Later, Thomas finds himself at a massive Steelworks factory run by two engines, Hurricane and Frankie, who invite him to stay. The next day, Thomas learns that Hurricane delivered his train to Bridlington overnight and Frankie convinces him to help out at the Steelworks to return the favour. However, they refuse to let Thomas leave and continue to force him to work for them. Thomas escapes during the night and hides with the help of an unseen Merlin. Meanwhile, back on Sodor, James is assigned to work on Thomas' branch line, but he soon grows fed up and decides to go searching for him. He comes across Hurricane, who takes him to the Steelworks.

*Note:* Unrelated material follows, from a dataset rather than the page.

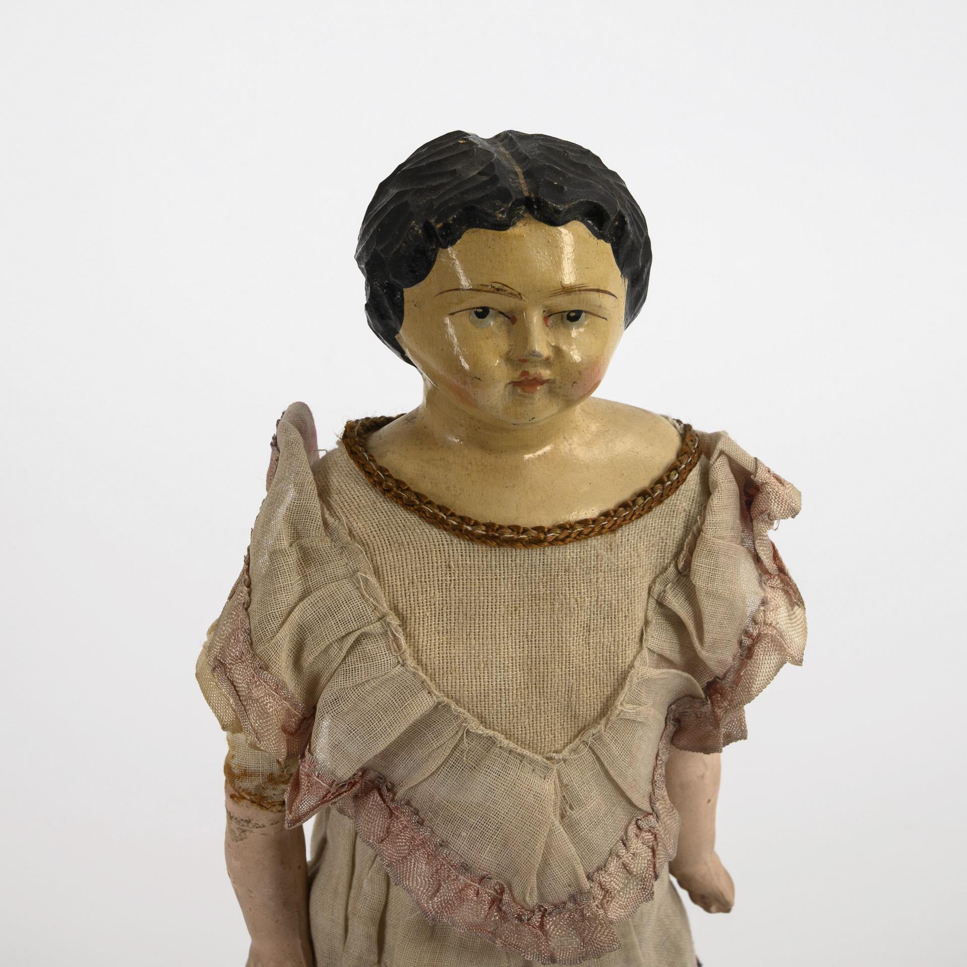 Puppe mit Brustkopf aus Holz.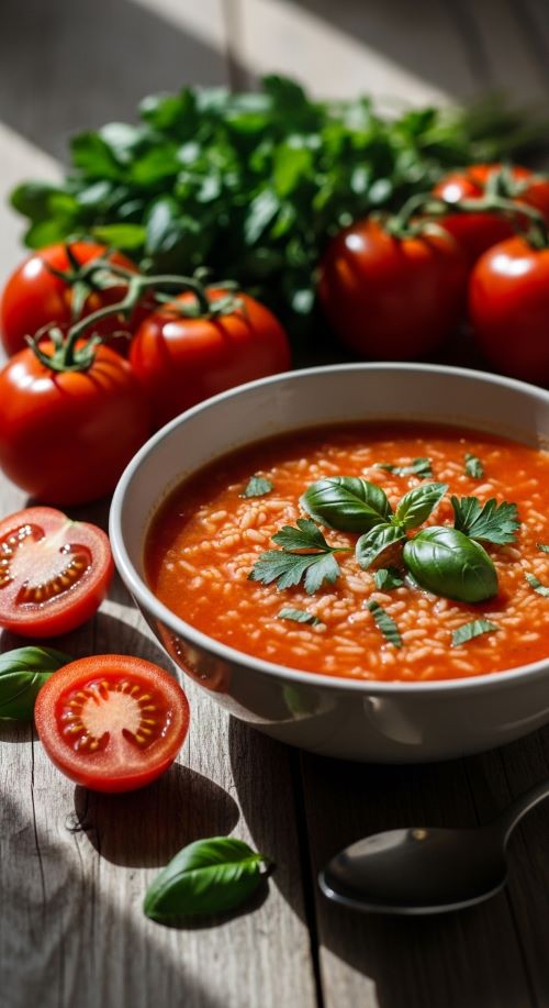 Tomato rice soup uses simple pantry ingredients. Simmer canned tomatoes with broth and rice until the rice softens.

On his way home the next day, Thomas encounters Beresford again. When he hears Frankie and Hurricane coming, Beresford hides him using his hook, only to see them taking James to the Steelworks. Thomas enlists the help of the experimental engines to rescue James. Theo and Lexi act as a diversion while Thomas and Merlin try to help James escape. The plan goes awry; a chase ensues in the Steelworks in which James is saved but Thomas is almost melted by slag. Hurricane pushes Thomas out of the way, but melts his own wheels. Frankie breaks down crying and explains that she and Hurricane only enslaved Thomas and James because of the overload of work. The experimental engines decide to henceforth join them at the Steelworks. Afterwards, Thomas and James head back to Sodor and apologise to each other.

== Voice cast ==
- Rob Rackstraw as James and Troublesome Trucks
- Keith Wickham as Sir Topham Hatt
- Christopher Ragland as Jem Cole and Troublesome Trucks
- Kerry Shale as Kevin and the Troublesome Trucks
- William Hope as the Troublesome Trucks
- Teresa Gallagher as Annie and Clarabel
- John Schwab as Ulli and a Bridlington Diesel
- Nicola Stapleton as Rosie
- Sophie Colquhoun as Frankie
- Jim Howick as Hurricane
- Darren Boyd as Theo
- Lucy Montgomery as Lexi and Troublesome Trucks
- Hugh Bonneville as Merlin
- Colin McFarlane as Beresford
- Steven Kynman as some Workmen
- Rasmus Hardiker as Phillip
- David Bedella as Victor

===United Kingdom===
- John Hasler as Thomas
- Keith Wickham as Edward, Henry and Gordon
- Nigel Pilkington as Percy and Trevor
- Rob Rackstraw as Toby
- Teresa Gallagher as Emily
- Matt Wilkinson as Farmer McColl

===United States===
- Joseph May as Thomas
- William Hope as Edward, Toby, and Farmer McColl
- Kerry Shale as Henry and Gordon
- Christopher Ragland as Percy and Trevor
- Jules de Jongh as Emily

== Reception ==
Common Sense Media gave it 3 out of 5 stars, calling it a "suspenseful adventure" with "positive messages, and the addition of some spirited new characters who add fun to the tale." They noted that it was darker than other Thomas films.